Paper
8 February 2010 Optical forces in biophotonics: transfection and cell sorting
Wolfgang A. Ertmer, Heiko Meyer, Raoul Lorbeer, Gerald Bergmann, Christina Krämer, Holger Lubatschowski, Hugo Murua Escoboar, Ingo Nolte, Alexander Heisterkamp
Author Affiliations +
Proceedings Volume 7613, Complex Light and Optical Forces IV; 76130Q (2010) https://doi.org/10.1117/12.841868
Event: SPIE OPTO, 2010, San Francisco, California, United States
Abstract
Lately, several groups successfully used ultrashort laser pulses to selectively permeabilize the membrane of living cells to achieve transport of foreign molecules, like DNA, into the cells.
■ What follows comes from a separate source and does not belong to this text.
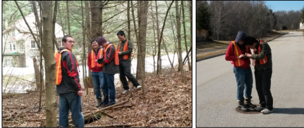
Figure 2: The Coalition's Spring 2014 WPI IQP Student Team Inspecting and Mapping Stormwater Infrastructure in Upton, MA

The Coalition appreciates the ongoing dedication of MassDEP to work with our members so closely and collaboratively.

For this, the high field intensities of tightly focused laser pulses are used to induce multiphoton absorption and the creation of a small scale optical breakdown at the membrane of the target cell. Afterwards, DNA or other foreign molecules are able to diffuse into the cell and achieve, for example, transfection of living cells. However, the cell throughput of this method is low, as, due to tight focusing. We present a technique to achieve fs-laser transfection in living cells at higher throughput by implementing optical traps into microfluidic chips. For this, a trapping laser beam, is coupled into a microscope setup and combined with a Ti:Sa fslaser beam to achieve simultaneous trapping and optical perforation.
© (2010) COPYRIGHT Society of Photo-Optical Instrumentation Engineers (SPIE). Downloading of the abstract is permitted for personal use only.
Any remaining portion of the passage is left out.